## To do
Your task is to restate word for word the lines in the material below, from the one with "1. To provide" up to and including the one with "ある「新規コンポジションを作成」ボタンからでも作成できます。". Do not carry over the pictures.

## Supplied material

........

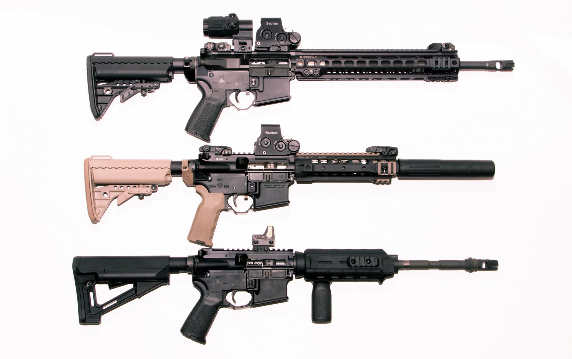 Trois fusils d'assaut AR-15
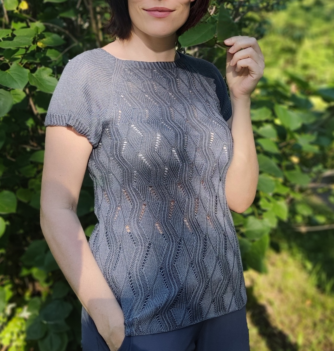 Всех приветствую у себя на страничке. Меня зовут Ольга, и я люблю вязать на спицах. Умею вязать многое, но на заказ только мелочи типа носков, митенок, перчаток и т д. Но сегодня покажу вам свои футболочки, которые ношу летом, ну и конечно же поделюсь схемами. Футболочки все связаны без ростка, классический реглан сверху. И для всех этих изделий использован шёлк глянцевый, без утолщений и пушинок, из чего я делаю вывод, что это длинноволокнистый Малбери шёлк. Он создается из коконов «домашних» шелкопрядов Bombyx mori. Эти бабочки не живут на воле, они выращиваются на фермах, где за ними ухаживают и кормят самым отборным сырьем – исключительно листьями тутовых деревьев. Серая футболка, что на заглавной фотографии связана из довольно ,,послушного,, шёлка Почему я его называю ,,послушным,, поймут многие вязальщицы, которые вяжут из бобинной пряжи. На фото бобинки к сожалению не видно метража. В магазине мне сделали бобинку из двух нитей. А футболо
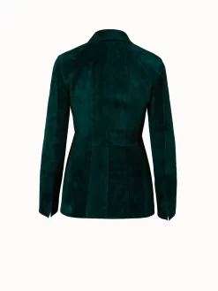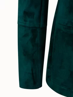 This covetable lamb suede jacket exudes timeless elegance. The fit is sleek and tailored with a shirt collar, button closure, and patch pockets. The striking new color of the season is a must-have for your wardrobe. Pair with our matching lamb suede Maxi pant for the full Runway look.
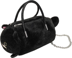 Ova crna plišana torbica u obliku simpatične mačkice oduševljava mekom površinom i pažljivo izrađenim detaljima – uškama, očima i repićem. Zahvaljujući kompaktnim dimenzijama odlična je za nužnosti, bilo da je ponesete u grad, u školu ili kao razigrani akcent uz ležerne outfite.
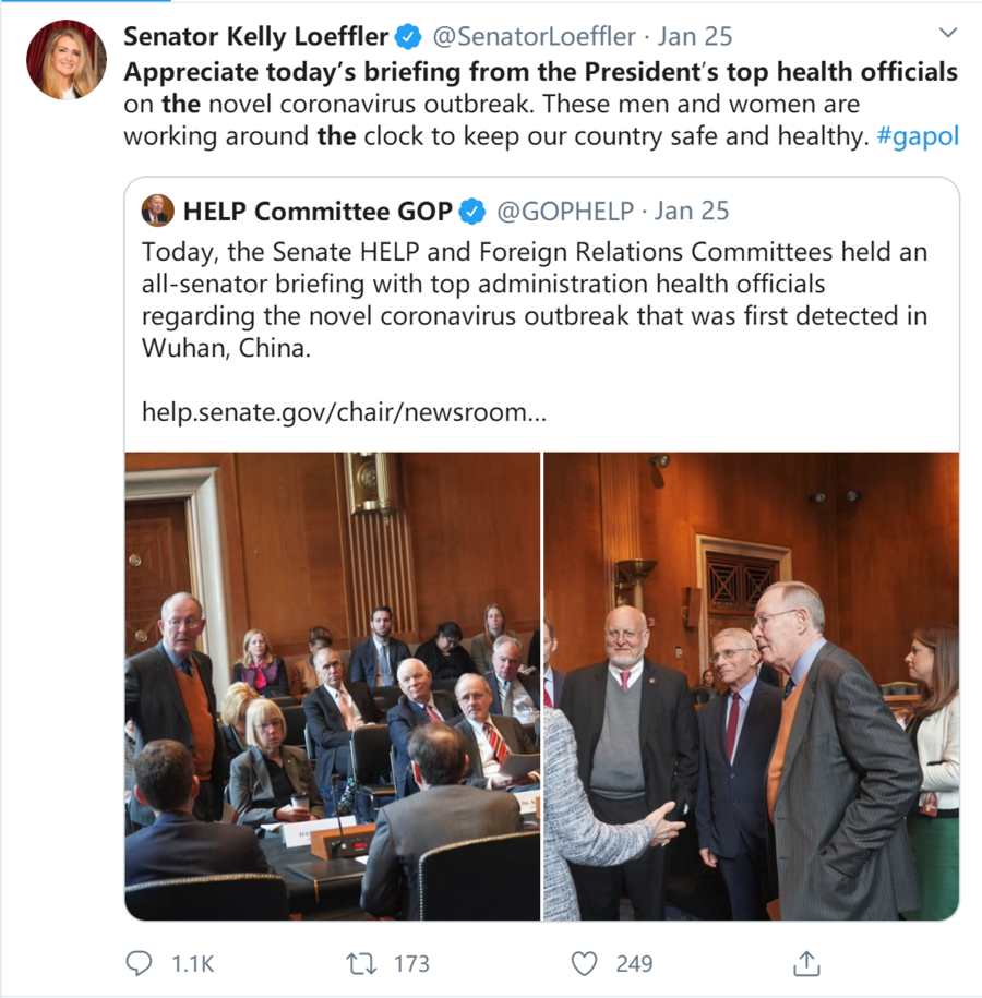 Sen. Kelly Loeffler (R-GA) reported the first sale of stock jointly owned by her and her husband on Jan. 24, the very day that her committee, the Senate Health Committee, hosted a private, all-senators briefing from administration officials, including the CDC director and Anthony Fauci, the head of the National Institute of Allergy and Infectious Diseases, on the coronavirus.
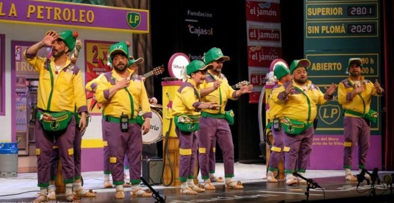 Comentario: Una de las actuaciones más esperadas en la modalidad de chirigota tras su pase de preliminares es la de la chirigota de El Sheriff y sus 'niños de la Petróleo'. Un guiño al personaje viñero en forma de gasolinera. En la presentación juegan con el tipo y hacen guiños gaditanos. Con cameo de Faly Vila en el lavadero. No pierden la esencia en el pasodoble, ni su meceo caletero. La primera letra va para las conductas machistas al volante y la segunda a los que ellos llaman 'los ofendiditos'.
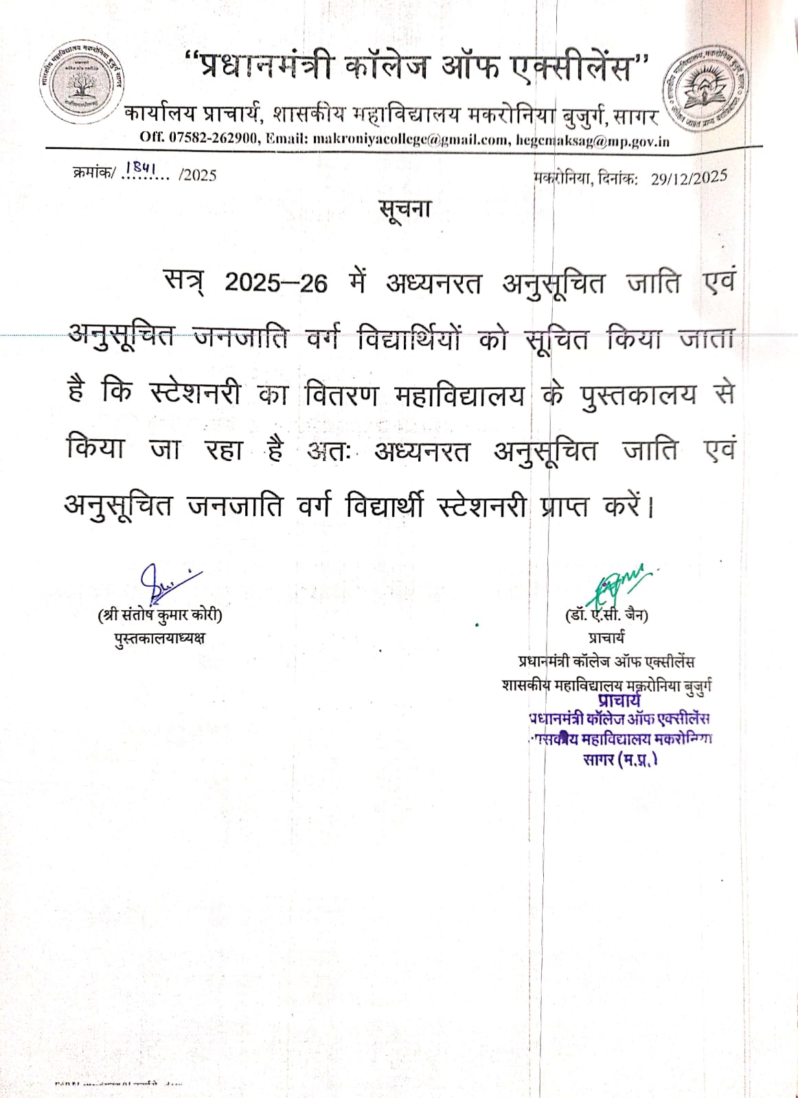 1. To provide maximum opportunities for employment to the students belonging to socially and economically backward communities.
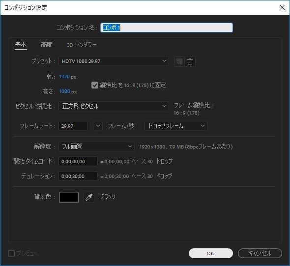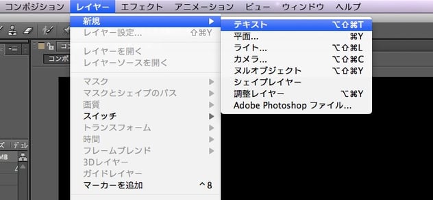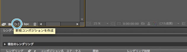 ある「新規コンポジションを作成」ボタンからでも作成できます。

........

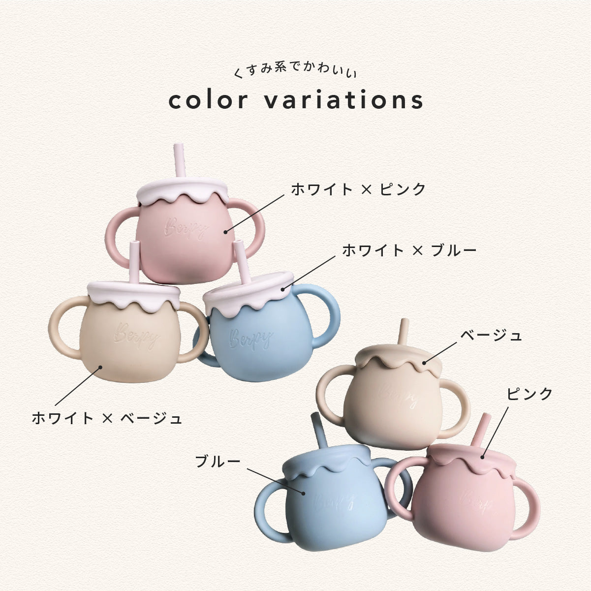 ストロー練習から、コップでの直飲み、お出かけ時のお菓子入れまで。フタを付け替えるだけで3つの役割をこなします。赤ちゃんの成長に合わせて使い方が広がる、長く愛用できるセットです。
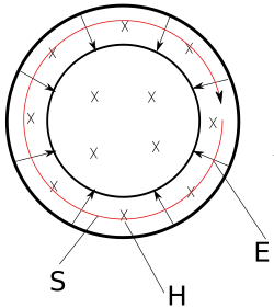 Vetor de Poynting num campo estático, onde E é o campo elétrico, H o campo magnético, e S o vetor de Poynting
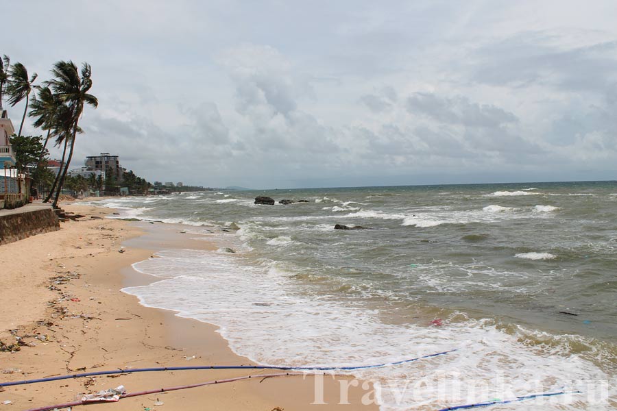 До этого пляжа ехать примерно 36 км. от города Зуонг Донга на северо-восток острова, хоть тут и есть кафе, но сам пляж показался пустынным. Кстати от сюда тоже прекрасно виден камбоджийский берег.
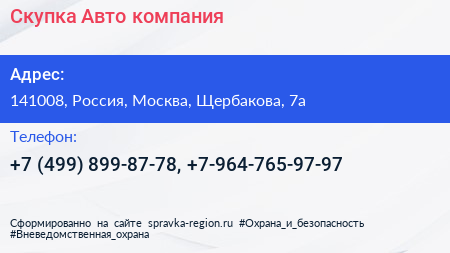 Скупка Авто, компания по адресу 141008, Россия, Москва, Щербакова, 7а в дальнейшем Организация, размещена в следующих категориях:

........

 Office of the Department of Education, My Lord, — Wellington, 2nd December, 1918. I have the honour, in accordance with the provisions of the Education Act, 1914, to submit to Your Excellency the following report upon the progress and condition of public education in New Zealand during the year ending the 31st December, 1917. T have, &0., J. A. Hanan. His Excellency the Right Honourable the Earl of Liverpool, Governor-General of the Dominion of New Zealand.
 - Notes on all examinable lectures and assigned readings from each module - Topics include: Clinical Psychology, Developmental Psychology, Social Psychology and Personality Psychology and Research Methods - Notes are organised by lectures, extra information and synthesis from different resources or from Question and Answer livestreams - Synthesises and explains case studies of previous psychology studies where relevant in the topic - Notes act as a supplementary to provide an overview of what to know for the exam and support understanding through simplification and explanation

........

## Output below
 1. To provide maximum opportunities for employment to the students belonging to socially and economically backward communities.
 ある「新規コンポジションを作成」ボタンからでも作成できます。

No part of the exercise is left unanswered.